Given material |
#####
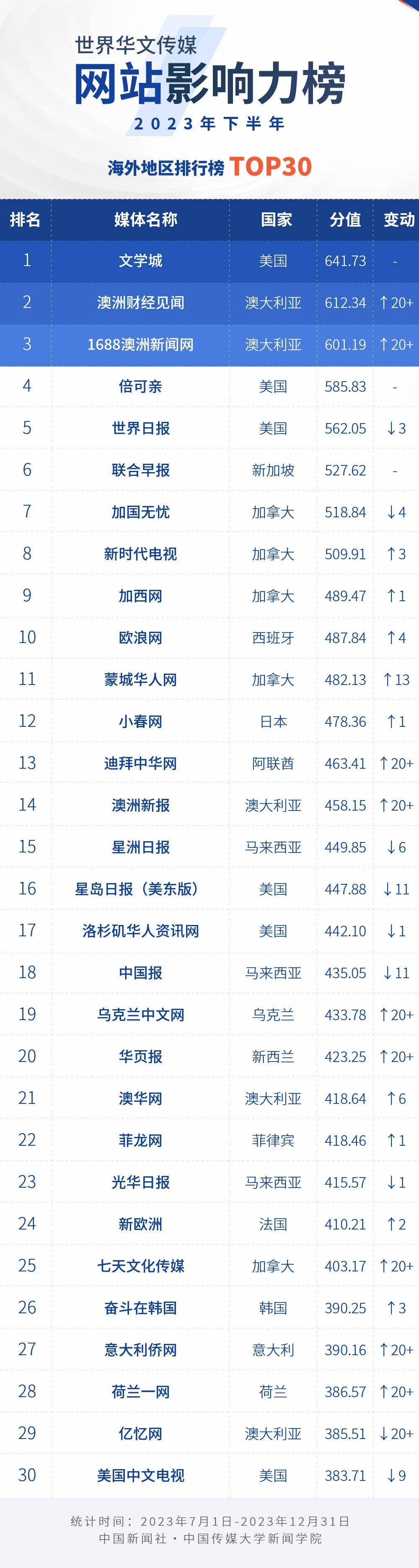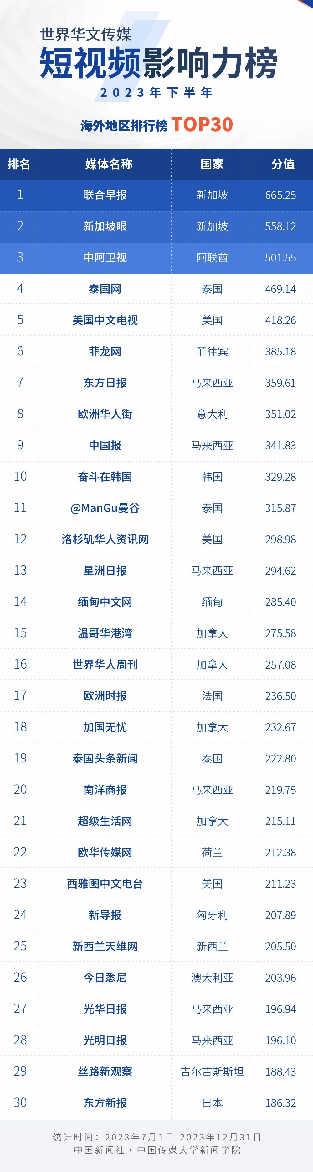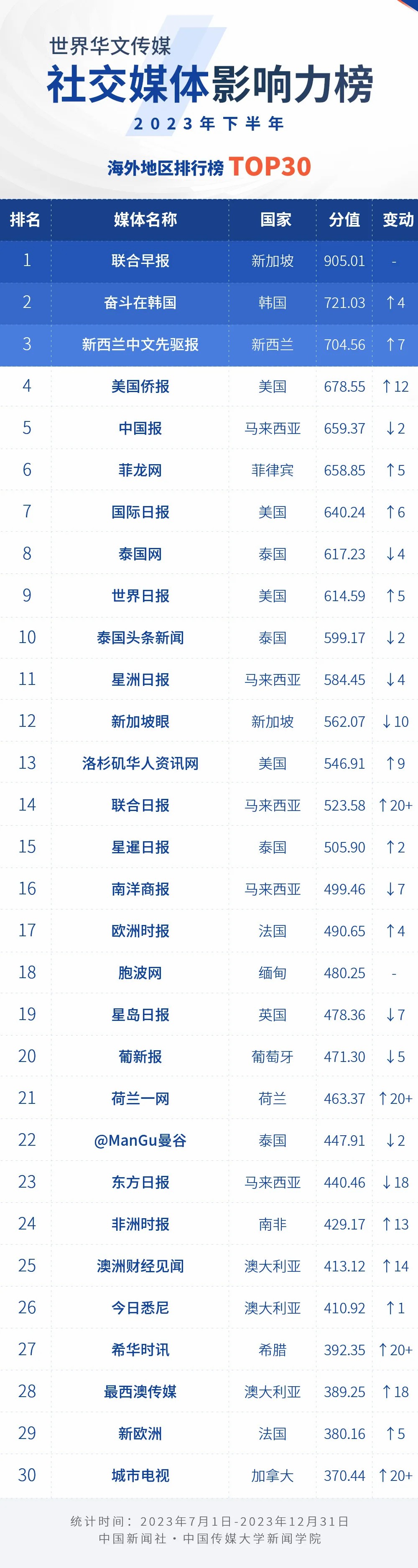 中國新聞社與中國傳媒大學新聞學院持續開展“世界華文傳媒新媒體影響力”測評項目,現根據2023年下半年世界華文傳媒新媒體的業務數據,發布2023年下半年榜。
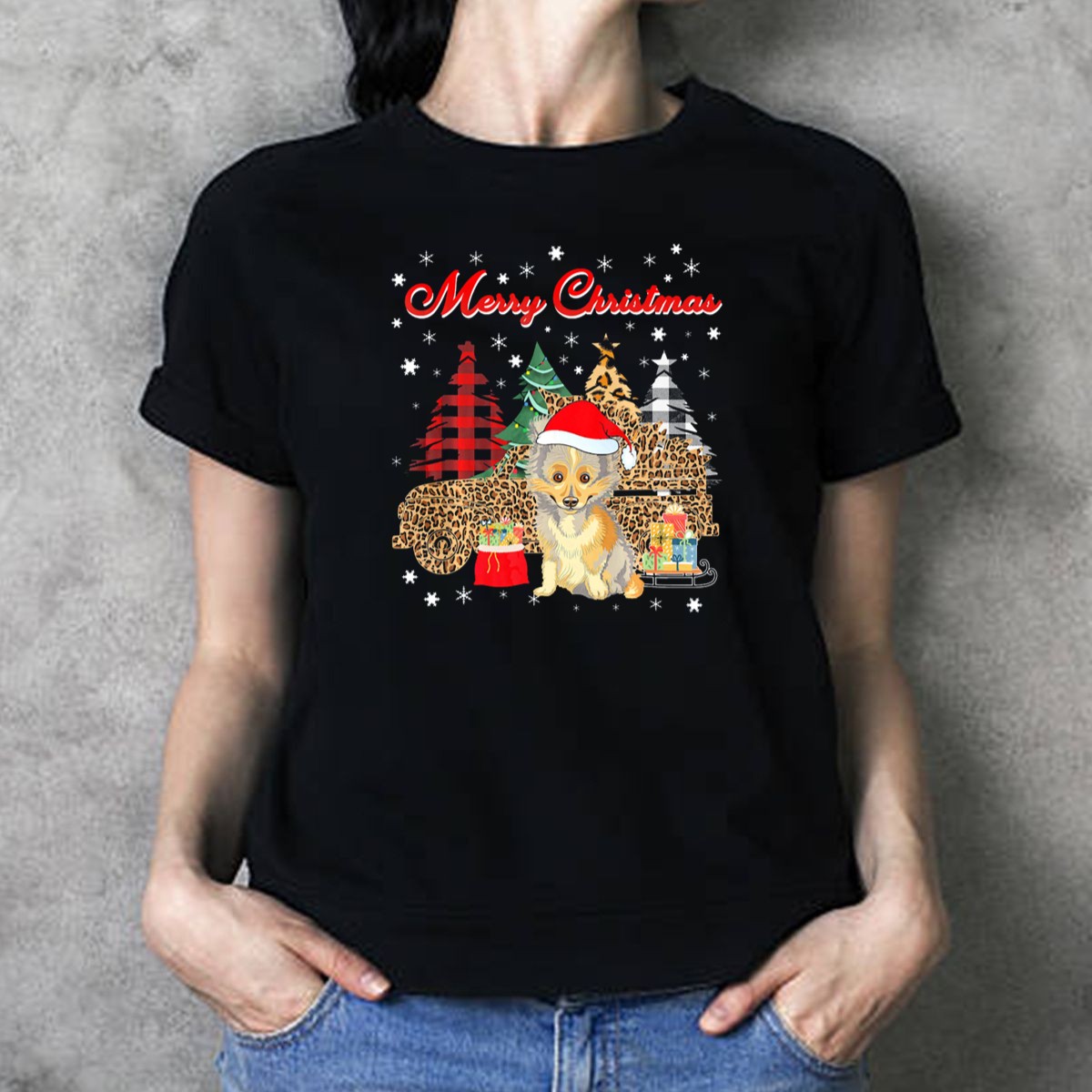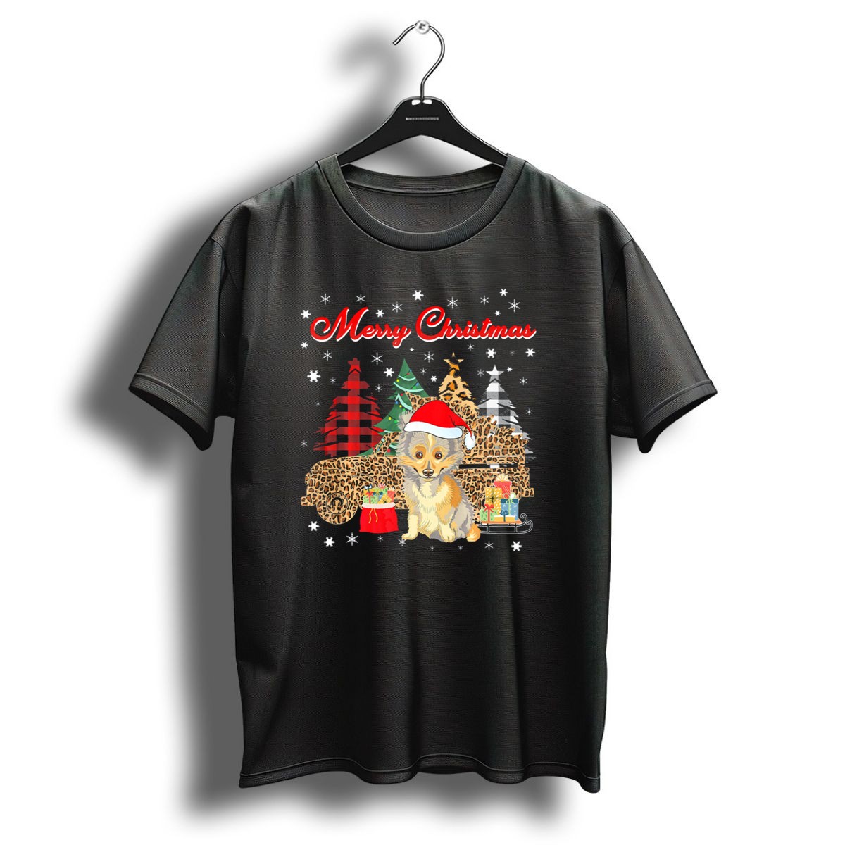 Be the first to review “Merry Christmas Sheltie Leopard Plaid Truck With Santa Hat And Gifts T Shirt”
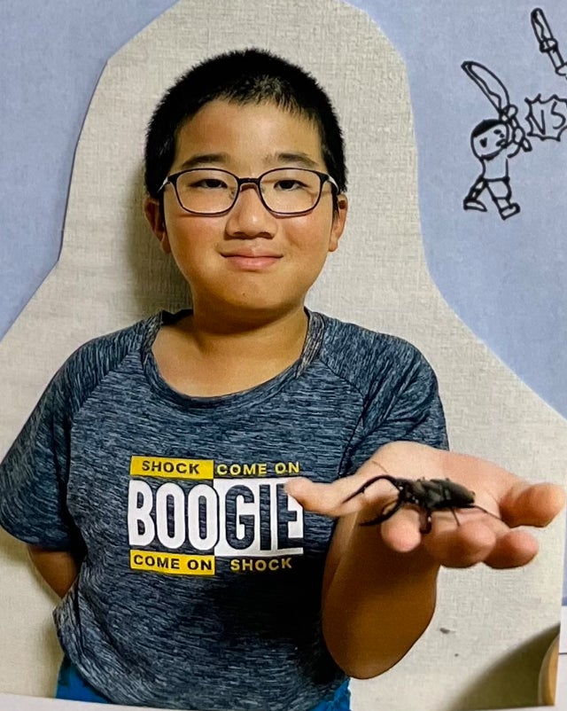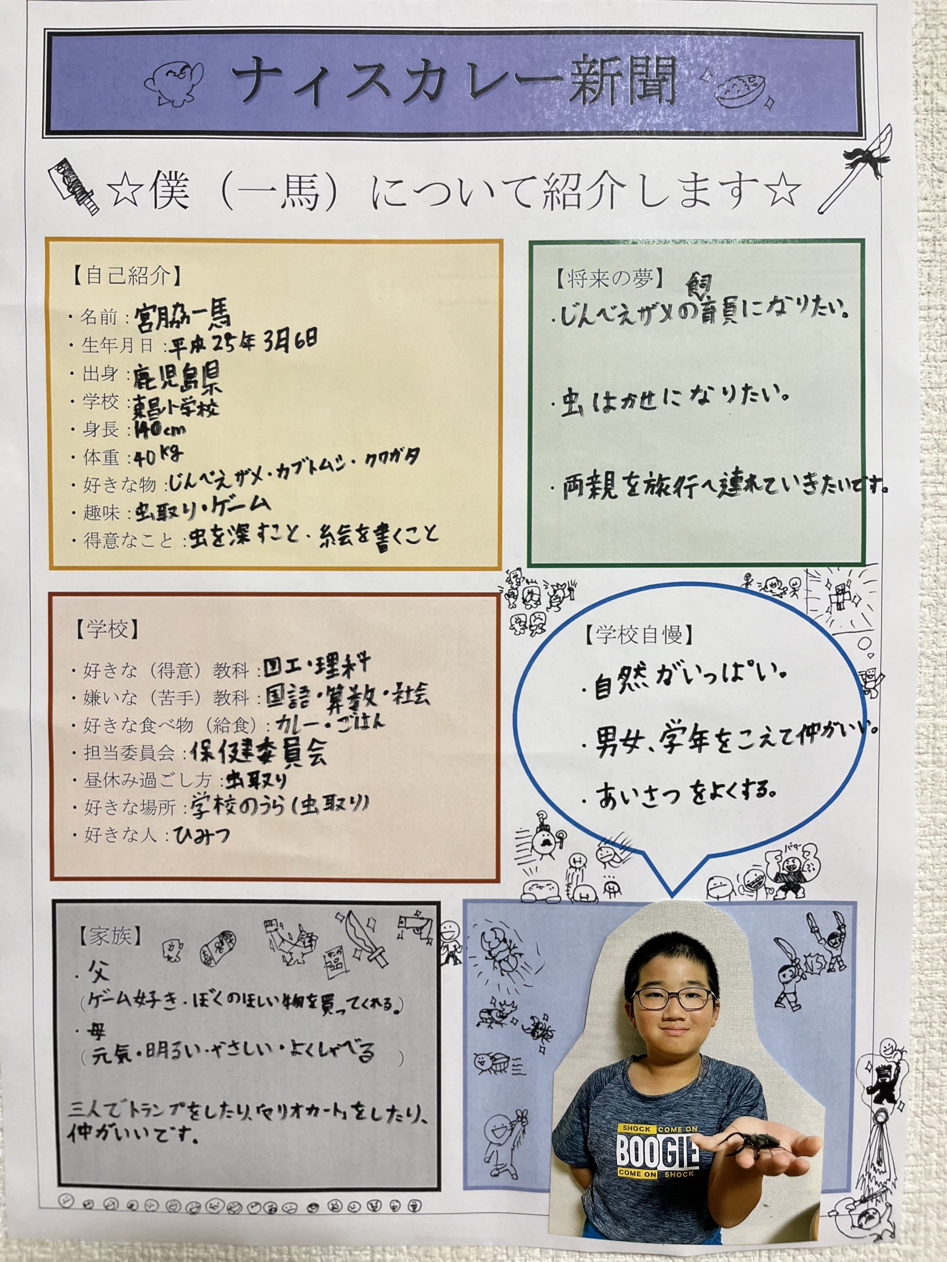 好きなものは「じんべえザメ」「カブトムシ」「クワガタ」で、趣味は虫取りやゲームをすることです。特技は、虫を探すことや、絵を描くことです。好きな食べ物は「カレー」と「おにぎり」です。
#####
To do | Repeat nothing but the lines from the one containing "Be the first" through the last line of the listing, both included, exactly as written, and omit any picture.

Reply |
 Be the first to review “Merry Christmas Sheltie Leopard Plaid Truck With Santa Hat And Gifts T Shirt”
 好きなものは「じんべえザメ」「カブトムシ」「クワガタ」で、趣味は虫取りやゲームをすることです。特技は、虫を探すことや、絵を描くことです。好きな食べ物は「カレー」と「おにぎり」です。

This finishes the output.